[Excerpts from a dataset]
* * *
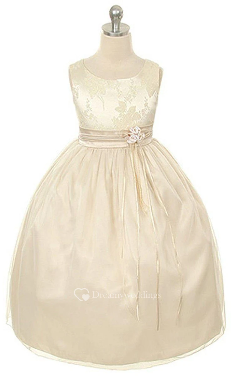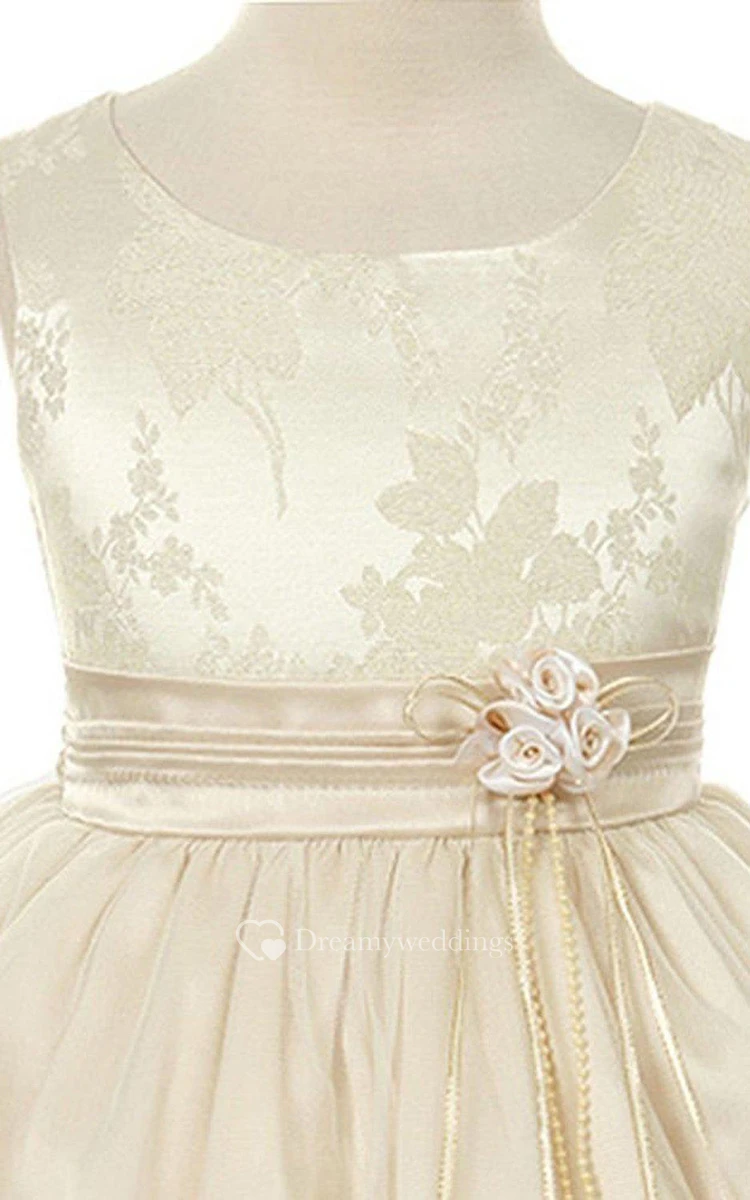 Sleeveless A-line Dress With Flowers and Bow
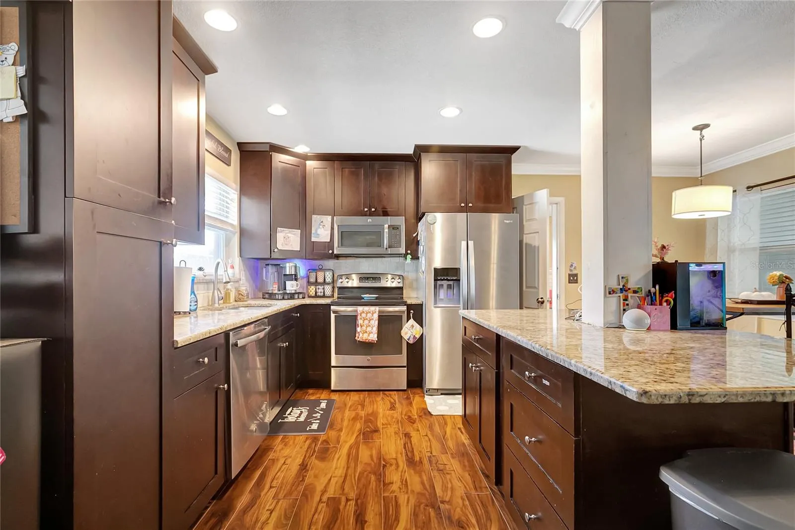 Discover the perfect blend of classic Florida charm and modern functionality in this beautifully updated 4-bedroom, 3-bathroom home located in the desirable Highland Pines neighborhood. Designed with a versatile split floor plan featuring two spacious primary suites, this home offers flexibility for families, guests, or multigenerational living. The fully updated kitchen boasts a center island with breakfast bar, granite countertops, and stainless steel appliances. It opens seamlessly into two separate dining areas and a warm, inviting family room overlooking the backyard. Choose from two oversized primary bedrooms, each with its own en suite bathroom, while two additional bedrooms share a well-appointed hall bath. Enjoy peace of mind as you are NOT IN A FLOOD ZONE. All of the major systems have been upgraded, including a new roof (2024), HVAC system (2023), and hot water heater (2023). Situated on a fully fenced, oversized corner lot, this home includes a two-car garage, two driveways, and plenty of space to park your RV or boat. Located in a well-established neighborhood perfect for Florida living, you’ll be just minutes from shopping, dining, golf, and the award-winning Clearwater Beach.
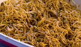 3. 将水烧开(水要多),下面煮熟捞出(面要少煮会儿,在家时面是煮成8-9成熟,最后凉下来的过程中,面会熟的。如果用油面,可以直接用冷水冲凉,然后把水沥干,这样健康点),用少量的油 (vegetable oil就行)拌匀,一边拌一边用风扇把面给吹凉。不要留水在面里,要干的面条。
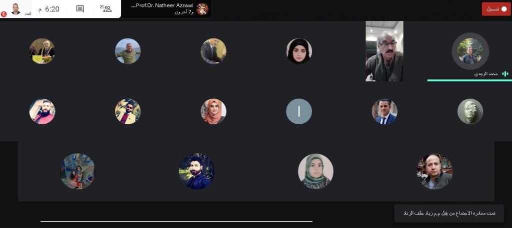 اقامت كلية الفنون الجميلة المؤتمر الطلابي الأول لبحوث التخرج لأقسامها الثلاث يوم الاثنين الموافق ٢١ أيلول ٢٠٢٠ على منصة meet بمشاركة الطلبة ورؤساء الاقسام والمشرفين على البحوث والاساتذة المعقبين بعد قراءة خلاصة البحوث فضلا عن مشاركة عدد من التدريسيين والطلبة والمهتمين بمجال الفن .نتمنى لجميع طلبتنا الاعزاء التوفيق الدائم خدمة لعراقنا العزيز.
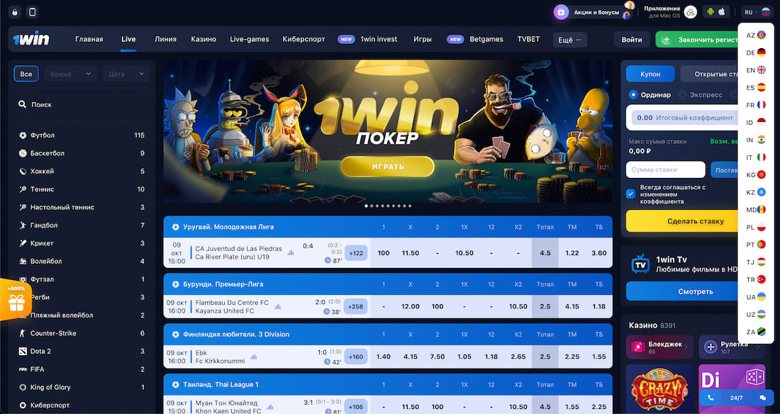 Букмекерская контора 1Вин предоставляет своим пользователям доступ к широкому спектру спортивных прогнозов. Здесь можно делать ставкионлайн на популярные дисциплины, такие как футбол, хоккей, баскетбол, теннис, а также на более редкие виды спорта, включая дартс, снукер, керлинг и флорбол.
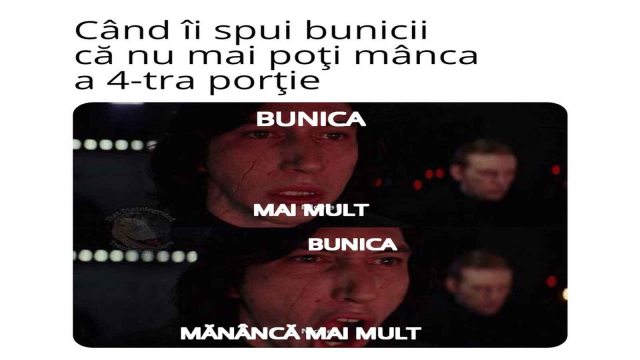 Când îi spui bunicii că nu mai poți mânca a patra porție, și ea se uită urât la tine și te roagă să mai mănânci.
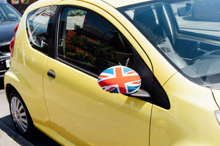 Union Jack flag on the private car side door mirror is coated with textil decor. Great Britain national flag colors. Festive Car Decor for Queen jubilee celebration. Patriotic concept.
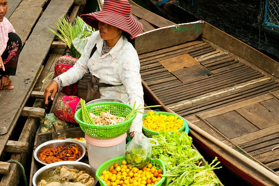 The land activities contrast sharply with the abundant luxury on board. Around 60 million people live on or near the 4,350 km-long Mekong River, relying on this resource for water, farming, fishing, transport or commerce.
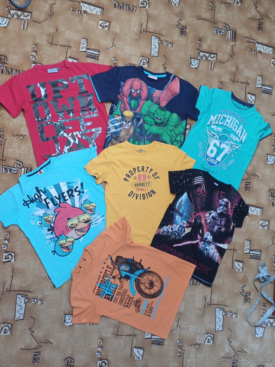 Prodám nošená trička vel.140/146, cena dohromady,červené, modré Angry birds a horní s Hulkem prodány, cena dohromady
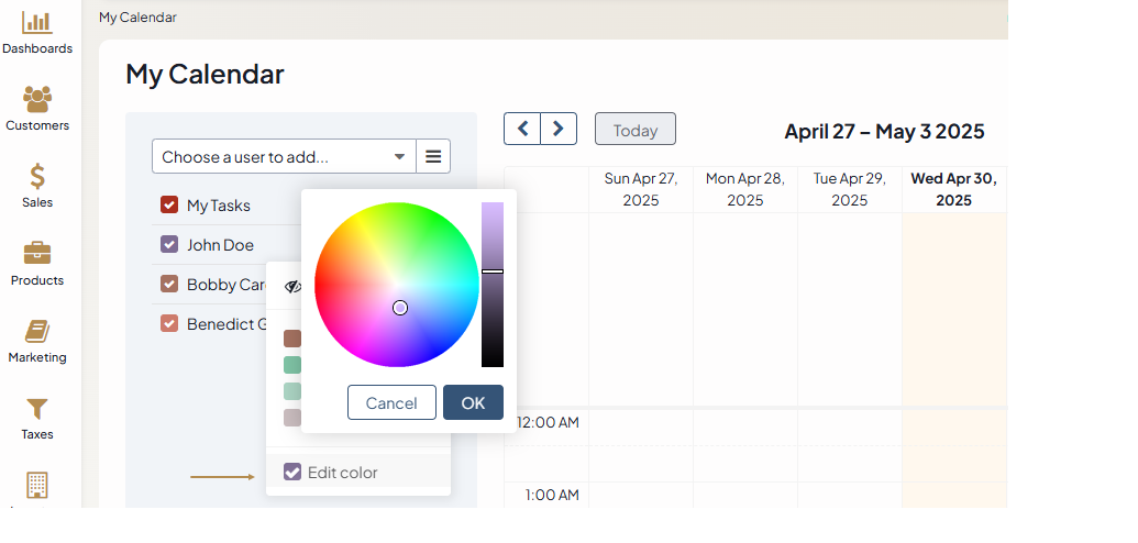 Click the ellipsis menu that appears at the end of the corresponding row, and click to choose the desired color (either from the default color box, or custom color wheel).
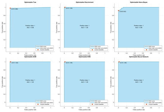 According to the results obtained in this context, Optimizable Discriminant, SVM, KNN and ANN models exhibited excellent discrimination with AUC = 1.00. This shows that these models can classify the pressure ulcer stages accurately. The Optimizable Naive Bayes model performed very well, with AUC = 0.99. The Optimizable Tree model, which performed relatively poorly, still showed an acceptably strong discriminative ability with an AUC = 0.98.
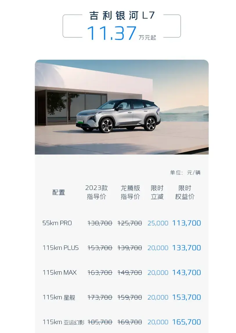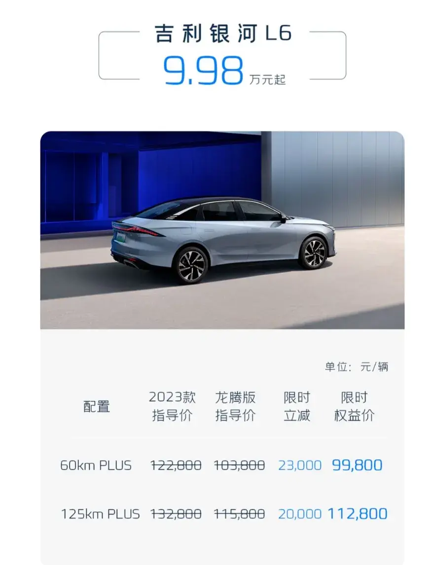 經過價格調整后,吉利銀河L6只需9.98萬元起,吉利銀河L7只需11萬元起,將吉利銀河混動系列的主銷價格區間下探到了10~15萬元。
* * *
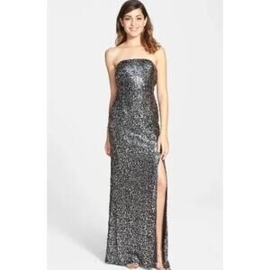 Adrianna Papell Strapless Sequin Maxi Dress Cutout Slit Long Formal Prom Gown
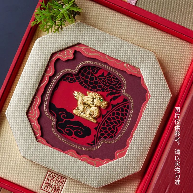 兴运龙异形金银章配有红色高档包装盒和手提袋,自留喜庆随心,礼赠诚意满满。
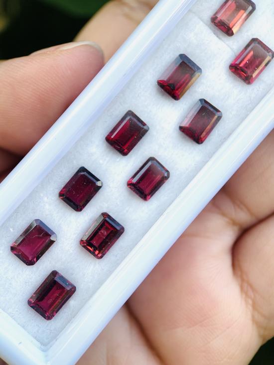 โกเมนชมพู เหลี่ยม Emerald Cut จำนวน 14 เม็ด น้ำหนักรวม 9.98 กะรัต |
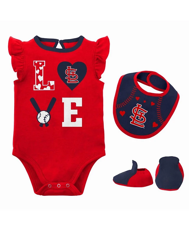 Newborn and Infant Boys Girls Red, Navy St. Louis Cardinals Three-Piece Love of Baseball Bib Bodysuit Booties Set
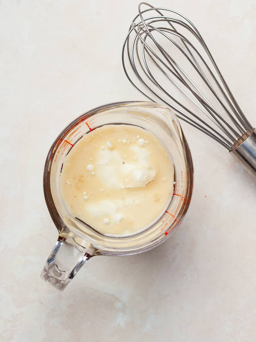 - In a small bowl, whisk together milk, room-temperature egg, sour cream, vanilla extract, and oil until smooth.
* * *
◆ **EXERCISE INSTRUCTIONS**: Copy exactly, without pictures, the lines above from the one with "兴运龙异形金银章配有红色高档包装盒和手提袋,自留喜庆随心,礼赠诚意满满。" down to the one with "- In a small", inclusive.

◆ **RESULT OF THE TASK**:
 兴运龙异形金银章配有红色高档包装盒和手提袋,自留喜庆随心,礼赠诚意满满。
 โกเมนชมพู เหลี่ยม Emerald Cut จำนวน 14 เม็ด น้ำหนักรวม 9.98 กะรัต |
 Newborn and Infant Boys Girls Red, Navy St. Louis Cardinals Three-Piece Love of Baseball Bib Bodysuit Booties Set
 - In a small bowl, whisk together milk, room-temperature egg, sour cream, vanilla extract, and oil until smooth.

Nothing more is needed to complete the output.